Или он наивен, как ребенок, или… Или он не наивен, и этим все сказано.
— Ну, все эти объявления, вибрации, посадки на дно океана, — объяснил он мне. — Понимаете, я, да вот и мамочка тоже, мы оба никак не можем отделаться от мысли, что все, что происходит —
И он с надеждой уставился на меня. Я чувствовал себя совершеннейшим болваном.
— Вы сами-то верите в то, о чем говорите? — спросил я после длинной паузы.

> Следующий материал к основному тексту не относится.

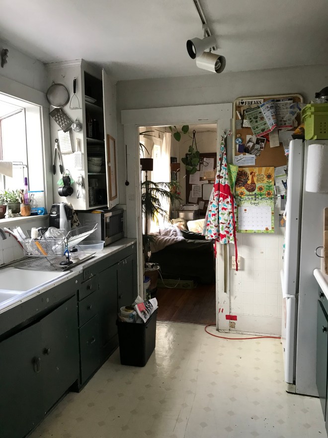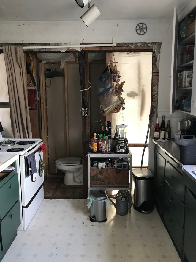 Thank you, kitchen, for your service. You have been a literal lifeline for us, and we honor you. Soon (like in the next 5 years sometime?) you will transform into a bathroom and that toilet will make more sense. ❤️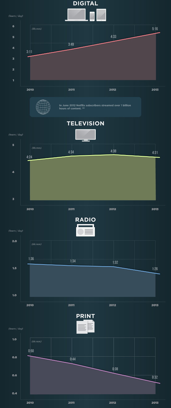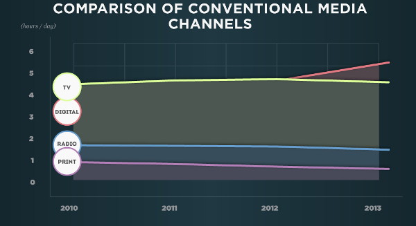 Об этой тенденции говорилось уже немало, но всерьез она проявилась только в прошлом году. Прошедший 2013-й ознаменовался коренным переломом в сфере СМИ — а именно: печатная пресса, радио и даже ТВ потеряли статус доминирующих средств массовой информации.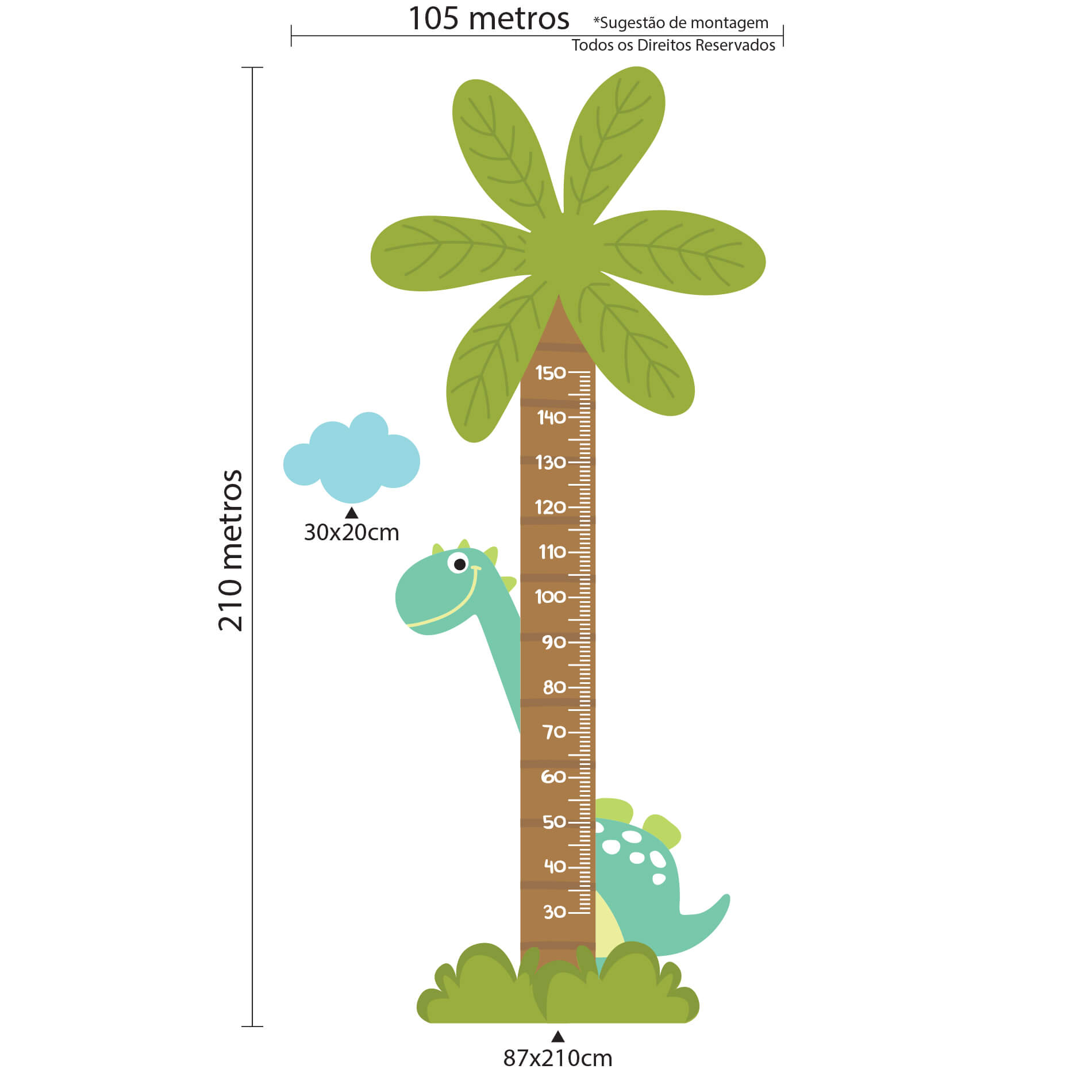 Dimensões e Características do Adesivo de Parede Régua Dinossauro Baby

Все то время, пока я молчал, обдумывая формулировку ответа помягче, они смотрели на меня так, будто я, не сходя с места, должен решить мучившую их проблему. И, надо сказать, мне это не нравилось. Да и Костя за время этой паузы вздохнул раза три, не меньше.
После моего ответа они как-то неожиданно заторопились, словно их кто-то толкал обратно в каюту.
— Спасибо, — забормотал Вячеслав Сергеевич, беря Веронику под руку, — большое спасибо. Извините, что побеспокоили, Григорий Иванович.
— Да не за что, — развел я руками.
Вероника смотрела на меня ясными глазами. Наконец улыбнулась и она. Но мне не стало легче от ее улыбки.
— Спасибо, Григорий Иванович, — повторила она вслед за своим спутником, — Извините…
Она протянула руку сначала мне, а потом Косте:
— До свидания, — сказала она и, ведомая своим верным пажом, удалилась. Костя восхищенно смотрел им вслед.
— Я думал, таких уже нет, — проговорил он, не отрывая от их спин своего взгляда. — Думал, вымерли.
— А чего не сфотографировал? — насмешливо спросил я. — Может быть, это последний оставшийся экземпляр?
Он посмотрел на меня так, будто я совершил грубую бестактность. Ну, там, нищего ограбил или еще что.
— Рябинина права, — сказал он индифферентно, — ты деградируешь, Лапшин. Прямо на глазах деградируешь. Извини.
— Ничего-ничего, — бросил я небрежно.
— Правда, извини, — вдруг перепугался он.
— Да ладно, — отмахнулся он.
— Гриша!
Чего-чего?! Интересно, что же такое было написано на моей роже, что он назвал меня по имени? Я и забыл, когда и кто называл меня так.
Но как бы там ни было, он только подлил масла в огонь.
— Слушай, — сказал я ему. — Больше повторять не буду. Мне очень херово. Очень, очень херово. Но если ты станешь продолжать в том же духе, мне будет еще хуже. Ты понял?
Он кивнул.
— Вот и хорошо, — сказал я. — Ничего не произошло. Просто срыв. Нервы. Работа у нас такая — нервная. К тому же давление на лодке повышается с каждой минутой. Не тереби меня, Костя, занимайся только своей профессией и не лезь в душу. Иногда, в перерывах, можешь продолжать обсуждать мою личность в разговорах с Рябининой. Но так, чтобы я не слышал. И чтобы я не знал, что эти разговоры существуют в природе. Тебе понятно?
— Ты не понял, — попробовал он как-то оправляться. — Рябинина тревожится за теб…
Я так зашипел, что он, заткнувшись, начал оглядываться в поисках ядовитых рептилий.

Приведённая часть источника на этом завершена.